Debat over het scheefwonen - Main contents
Gisteren vond in de Eerste Kamer het debat plaats over het wetsvoorstel huurverhoging op grond van inkomen, ook wel genoemd de gluurverhoging.
Tijdens het debat is besloten de behandeling van het wetsvoorstel aan te houden, totdat duidelijk is hoe deze wet zich verhoudt tot het wetsvoorstel over scheefwonen dat op basis van het begrotingsakkoord is opgesteld en binnenkort bij de Tweede Kamer zal worden ingediend.
Wordt vervolgd dus.
Hieronder mijn spreektekst van gisteren.
Voorzitter,
Ook de GroenLinks fractie vindt dat er goede redenen zijn om het scheefwonen in sociale huurwoningen tegen te gaan, en de doorstroming op de woningmarkt te bevorderen. Wij moeten ons echter de vraag stellen of het wetsvoorstel wat nu voorligt het beste middel is om dat doel te bereiken. De leden van de GroenLinks fractie zijn daar allerminst van overtuigd.
Allereerst moeten we ons de vraag stellen wat het doel is van het tegengaan van het scheefwonen in sociale huurwoningen. Wat ons betreft is dat doel helder: er moeten voldoende betaalbare huurwoningen beschikbaar zijn voor diegenen die op grond van hun geringe inkomen op deze woningen zijn aangewezen.
Het doel dat de regering nastreeft met het onderhavige wetsontwerp is minder duidelijk.
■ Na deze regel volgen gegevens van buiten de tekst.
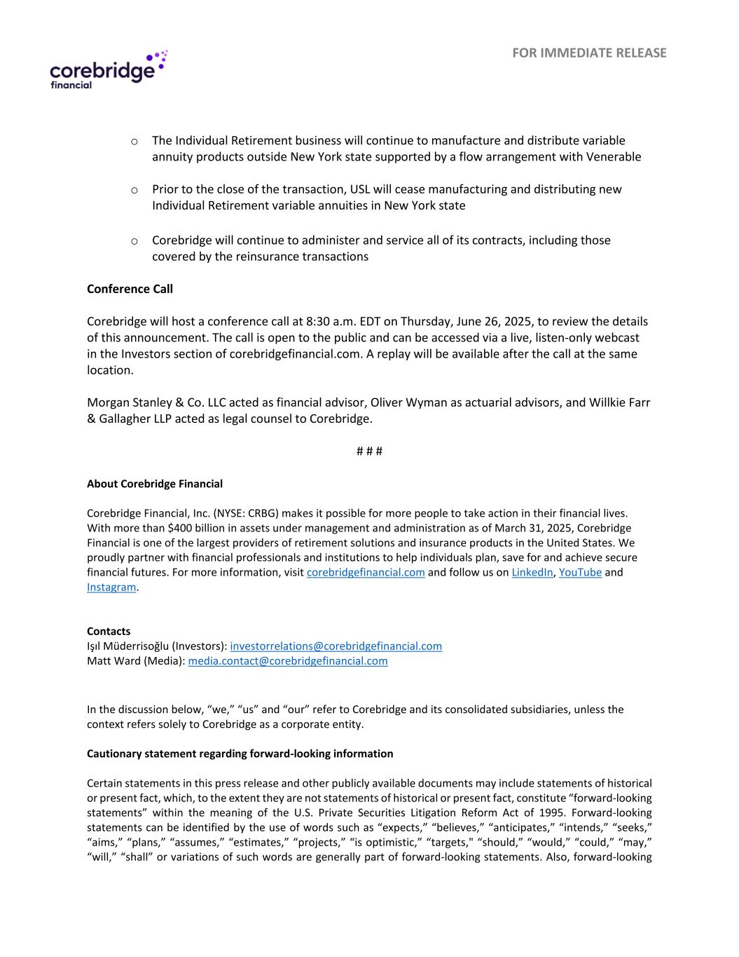 FOR IMMEDIATE RELEASE o The Individual Retirement business will continue to manufacture and distribute variable annuity products outside New York state supported by a flow arrangement with Venerable o Prior to the close of the transaction, USL will cease manufacturing and distributing new Individual Retirement variable annuities in New York state o Corebridge will continue to administer and service all of its contracts, including those covered by the reinsurance transactions Conference Call Corebridge will host a conference call at 8:30 a.m. EDT on Thursday, June 26, 2025, to review the details of this announcement. The call is open to the public and can be accessed via a live, listen-only webcast in the Investors section of corebridgefinancial.com. A replay will be available after the call at the same location. Morgan Stanley & Co. LLC acted as financial advisor, Oliver Wyman as actuarial advisors, and Willkie Farr & Gallagher LLP acted as legal counsel to Corebridge. # # # About Corebridge Financial Corebridge Financial, Inc. (NYSE: CRBG) makes it possible for more people to take action in their financial lives. With more than $400 billion in assets under management and administration as of March 31, 2025, Corebridge Financial is one of the largest providers of retirement solutions and insurance products in the United States. We proudly partner with financial professionals and institutions to help individuals plan, save for and achieve secure financial futures. For more information, visit corebridgefinancial.com and follow us on LinkedIn, YouTube and Instagram. Contacts Işıl Müderrisoğlu (Investors): investorrelations@corebridgefinancial.com Matt Ward (Media): media.contact@corebridgefinancial.com In the discussion below, “we,” “us” and “our” refer to Corebridge and its consolidated subsidiaries, unless the context refers solely to Corebridge as a corporate entity. Cautionary statement regarding forward-looking information Certain statements in this press release and other publicly available documents may include statements of historical or present fact, which, to the extent they are not statements of historical or present fact, constitute “forward-looking statements” within the meaning of the U.S. Private Securities Litigation Reform Act of 1995. Forward-looking statements can be identified by the use of words such as “expects,” “believes,” “anticipates,” “intends,” “seeks,” “aims,” “plans,” “assumes,” “estimates,” “projects,” “is optimistic,” “targets," “should,” “would,” “could,” “may,” “will,” “shall” or variations of such words are generally part of forward-looking statements. Also, forward-looking

Weliswaar stelt de regering dat het wetsvoorstel beoogt de doorstroming te bevorderen, zodat goedkopere woningen weer beschikbaar komen voor huishoudens met een lager inkomen of een lager middeninkomen; elders lijkt het tegengaan van het scheefwonen, de bevordering van de doorstroming of juist het vragen van een marktconforme huur een doel op zich. In antwoord op schriftelijke vragen van onder meer de GroenLinks fractie lijkt de regering nogal eens verstrikt te raken in deze verschillende doelstellingen. In antwoord op de geuite twijfels over het gebrek aan voldoende aanbod waarheen scheefwoners kunnen doorstromen, geeft de regering hoog op van de mogelijkheden die de extra woningwaarderingspunten in schaarstegebieden bieden: hierdoor zullen er volgens de regering meer woningen in het geliberaliseerde segment beschikbaar komen, hetgeen scheefwoners mogelijkheden zou bieden om door te stromen. Ook de verkoop van sociale huurwoningen noemt de regering als middel om de doorstroming te bevorderen. Dat deze beide maatregelen impliceren dat woningen zullen verdwijnen uit het gereguleerde segment, en het aantal betaalbare huurwoningen dat beschikbaar komt voor mensen met lagere inkomens dus per saldo zal afnemen wordt hierbij gemakshalve vergeten.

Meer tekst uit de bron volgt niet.